» **ABOUT THIS TASK**
A word-for-word retyping of the listing below is required, with the pictures dropped.

» **SUPPLIED MATERIAL**
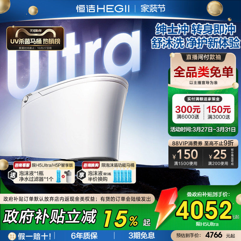 [政府补贴]恒洁智能马桶全自动智能坐便器洗护家用绅士冲H5Ultra
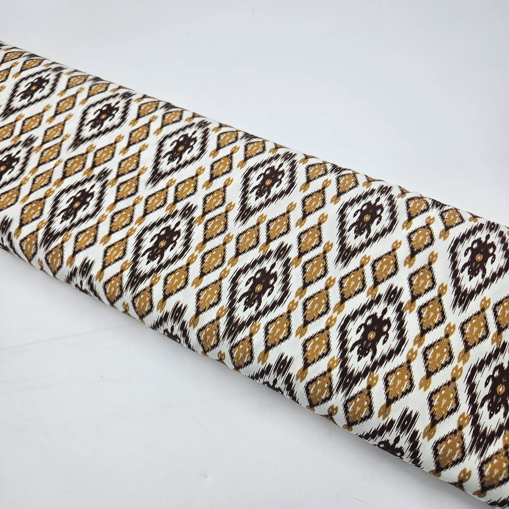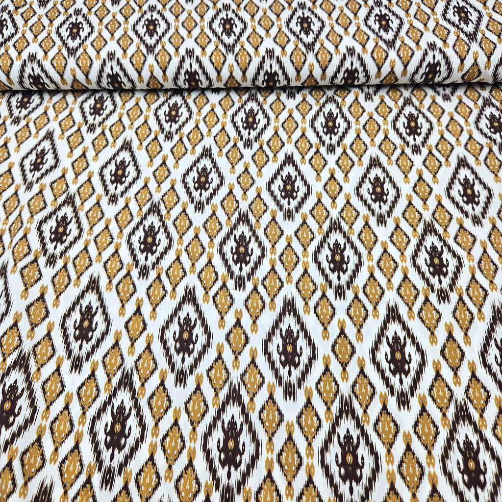 Ein Hauch Boho für deine Garderobe: das sanfte Creme trifft auf curryfarbene Diamantmotive – modern, warm und super kombinierbar. 🌞🧵
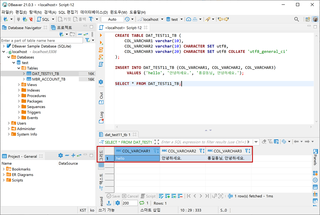 위에서 테이블 생성시 테이블의 Charset이 UTF8로 설정하였기 때문에 에러는 발생하지 않습니다.
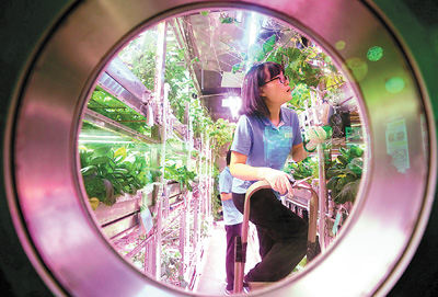 志愿者刘慧(前)在收集舱内种植的蔬菜,做出舱准备。 志愿者顺利出舱,并给大家带来“月宫”特产。5月15日,捧着亲手在“月宫”种植的大豆、小麦、胡萝卜、西红柿等粮食蔬菜...
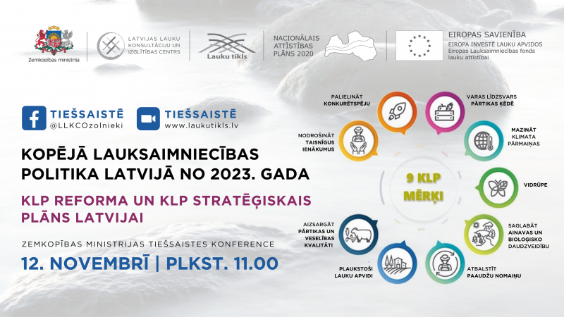 Jau nedaudz vairāk kā pēc gada spēkā stāsies jaunā Eiropas Savienības Kopējā lauksaimniecības politika (KLP). Kādi stratēģiski mērķi tajā ir Latvijai, aicinām uzzināt tiešsaistes konferencē “Kopējā lauksaimniecības politika Latvijā no 2023. gada: KLP reforma un KLP Stratēģiskais plāns Latvijai”, ko sadarbībā ar Zemkopības ministriju (ZM) rīko Latvijas Lauku konsultāciju un izglītības centrs (LLKC).
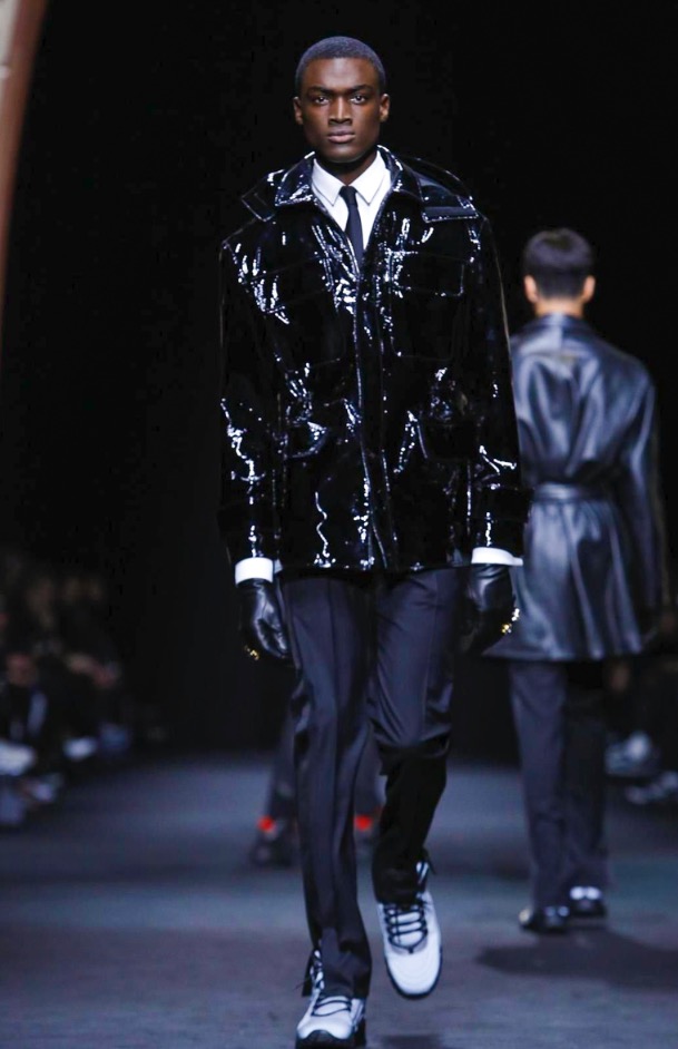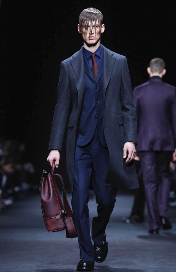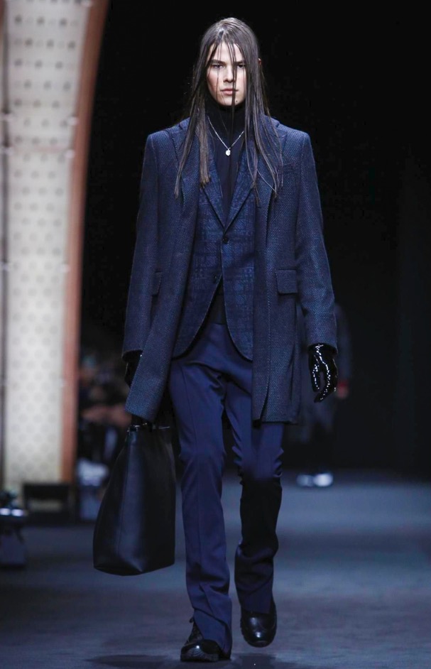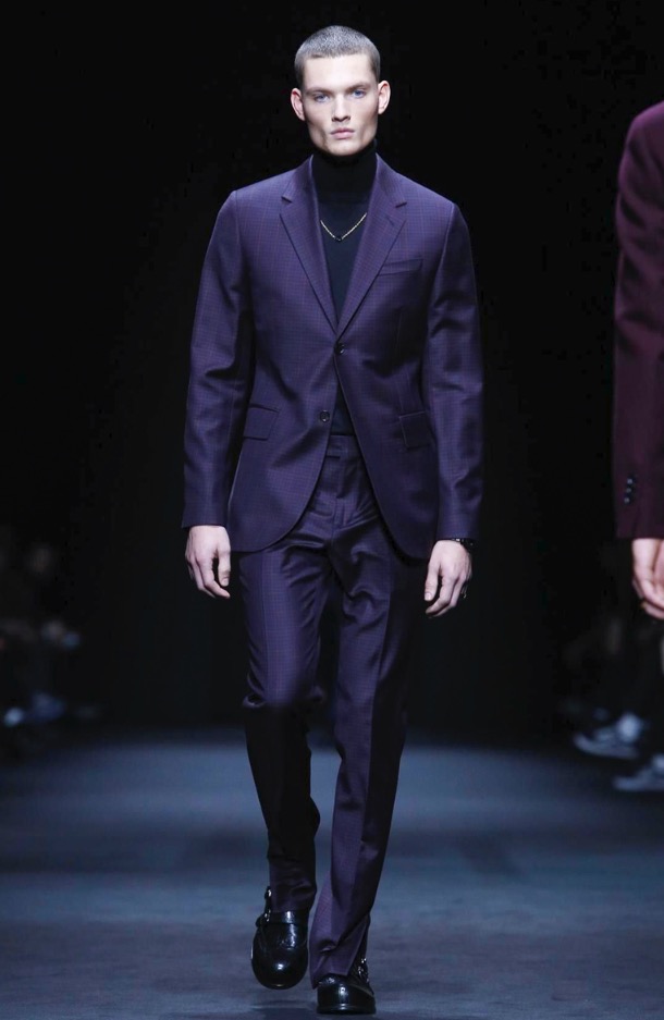 The Versace suit is refreshed and lightened: the strong silhouette is now neat to the body, with a soft constructed shoulder for the way men wear tailoring today.
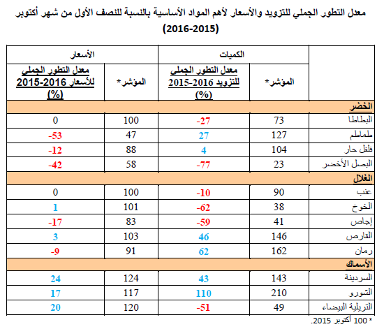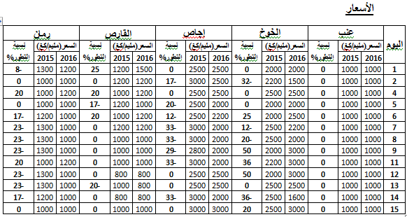 القارص: استقرار نسبي في الأسعار مقارنة بنفس الفترة من سنة 2015 ويقدر مؤشرالأسعار بـ103.
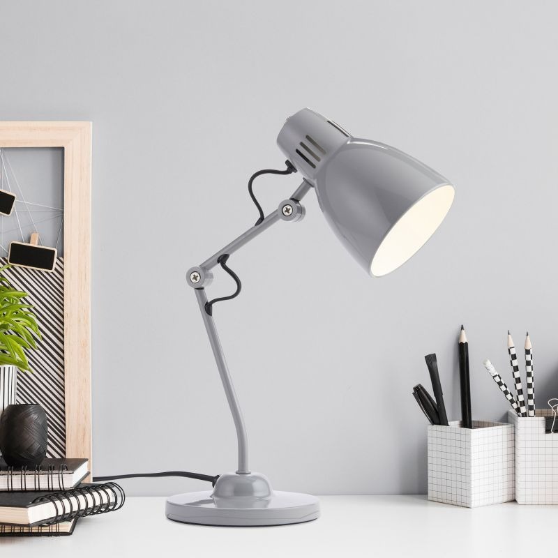Een tafellamp met een moderne look uit de collectie van het merk Brilliant. De lamp is gemaakt van metaal in een grijze kleur. De lamp wordt geleverd exclusief lichtbron met een E14 fitting en geschikt voor max. 40W. Deze lamp kan goed geplaatst worden in verschillende ruimtes zoals woonkamer en slaapkamer. Bijvoorbeeld in een vensterbank, op een bijzettafel of nachtkastje, maar ook zeker in een kantoor op een bureautafel. De lamp heeft een handige snoerschakelaar en een draaibare kop. De hoogte en helling is in te stellen bij deze lamp.
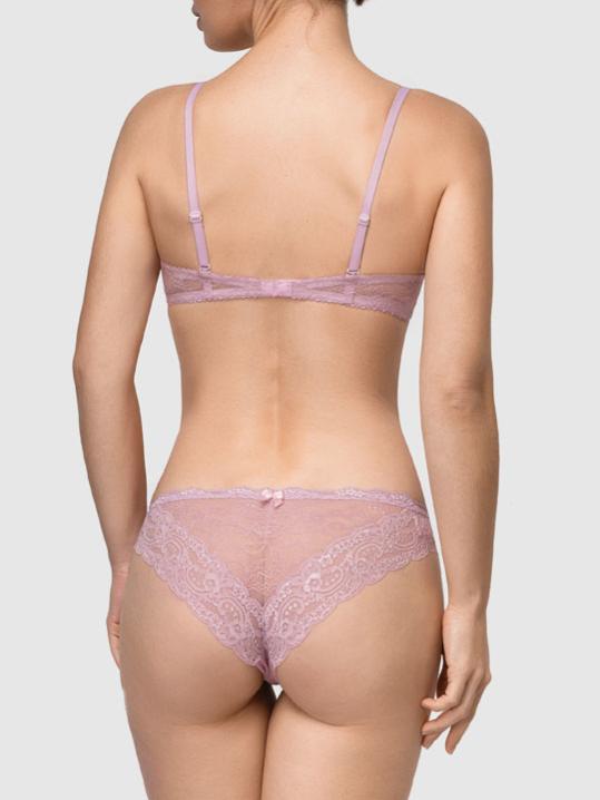 без пуш-ап, на косточках, и трусики-бразильяна с V-образной линией талии. Регулируемые бретели. Застежка в 2 ряда на 4 позиции. Высота бочка трусов 4 см. Выполнен из эластичного, плоского круж
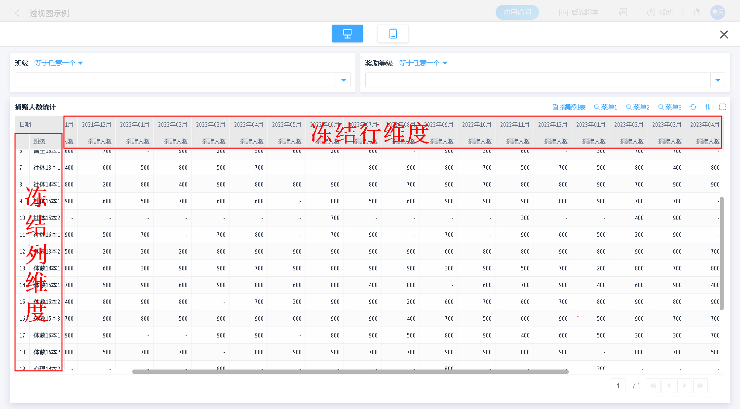 当汇总表数据量过多,在横向/纵向滚动时,可使用维度冻结功能,冻结汇总表的头部菜单。
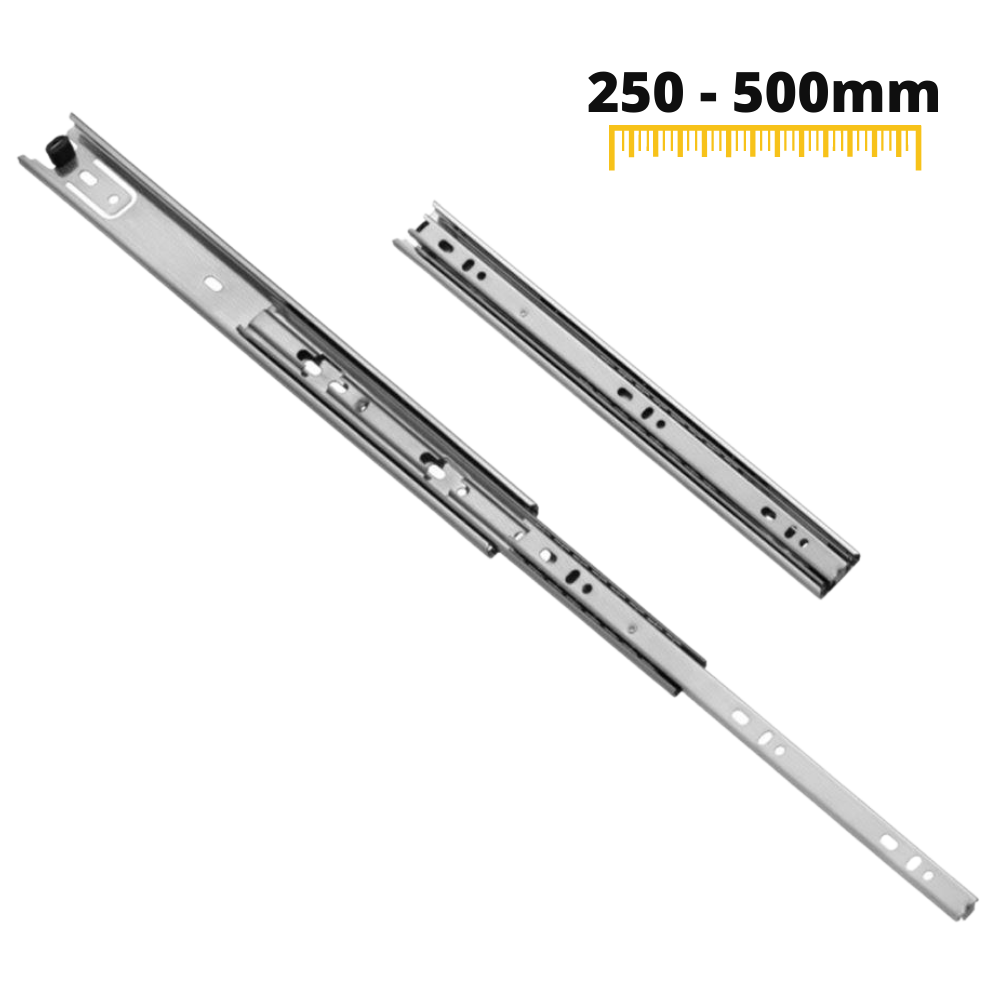 Der Vollauszug erlaubt es, die Schublade bis zum Maximum auszufahren (sie bleibt dabei 100% stabil und fest). Möglichkeit der Demontage der Führungsarme. Die maximale Belastbarkeit dieser Führungen beträgt 15 Kilogramm. Höhe - 30 cm, Materialstärke: 0,8 / 0,8 / 0,8mm. Der Führungssatz kann auf verschiedenen Schubladentypen montiert werden. Es funktioniert gut für Küche, Zimmer, Schlafzimmer und Büromöbel. Wenn Sie nach Führungen in anderen Maßen suchen, schauen Sie in die anderen Kategorien!

» **ANSWER SPACE**
 [政府补贴]恒洁智能马桶全自动智能坐便器洗护家用绅士冲H5Ultra
 Ein Hauch Boho für deine Garderobe: das sanfte Creme trifft auf curryfarbene Diamantmotive – modern, warm und super kombinierbar. 🌞🧵
 위에서 테이블 생성시 테이블의 Charset이 UTF8로 설정하였기 때문에 에러는 발생하지 않습니다.
 志愿者刘慧(前)在收集舱内种植的蔬菜,做出舱准备。 志愿者顺利出舱,并给大家带来“月宫”特产。5月15日,捧着亲手在“月宫”种植的大豆、小麦、胡萝卜、西红柿等粮食蔬菜...
 Jau nedaudz vairāk kā pēc gada spēkā stāsies jaunā Eiropas Savienības Kopējā lauksaimniecības politika (KLP). Kādi stratēģiski mērķi tajā ir Latvijai, aicinām uzzināt tiešsaistes konferencē “Kopējā lauksaimniecības politika Latvijā no 2023. gada: KLP reforma un KLP Stratēģiskais plāns Latvijai”, ko sadarbībā ar Zemkopības ministriju (ZM) rīko Latvijas Lauku konsultāciju un izglītības centrs (LLKC).
 The Versace suit is refreshed and lightened: the strong silhouette is now neat to the body, with a soft constructed shoulder for the way men wear tailoring today.
 القارص: استقرار نسبي في الأسعار مقارنة بنفس الفترة من سنة 2015 ويقدر مؤشرالأسعار بـ103.
Een tafellamp met een moderne look uit de collectie van het merk Brilliant. De lamp is gemaakt van metaal in een grijze kleur. De lamp wordt geleverd exclusief lichtbron met een E14 fitting en geschikt voor max. 40W. Deze lamp kan goed geplaatst worden in verschillende ruimtes zoals woonkamer en slaapkamer. Bijvoorbeeld in een vensterbank, op een bijzettafel of nachtkastje, maar ook zeker in een kantoor op een bureautafel. De lamp heeft een handige snoerschakelaar en een draaibare kop. De hoogte en helling is in te stellen bij deze lamp.
 без пуш-ап, на косточках, и трусики-бразильяна с V-образной линией талии. Регулируемые бретели. Застежка в 2 ряда на 4 позиции. Высота бочка трусов 4 см. Выполнен из эластичного, плоского круж
 当汇总表数据量过多,在横向/纵向滚动时,可使用维度冻结功能,冻结汇总表的头部菜单。
 Der Vollauszug erlaubt es, die Schublade bis zum Maximum auszufahren (sie bleibt dabei 100% stabil und fest). Möglichkeit der Demontage der Führungsarme. Die maximale Belastbarkeit dieser Führungen beträgt 15 Kilogramm. Höhe - 30 cm, Materialstärke: 0,8 / 0,8 / 0,8mm. Der Führungssatz kann auf verschiedenen Schubladentypen montiert werden. Es funktioniert gut für Küche, Zimmer, Schlafzimmer und Büromöbel. Wenn Sie nach Führungen in anderen Maßen suchen, schauen Sie in die anderen Kategorien!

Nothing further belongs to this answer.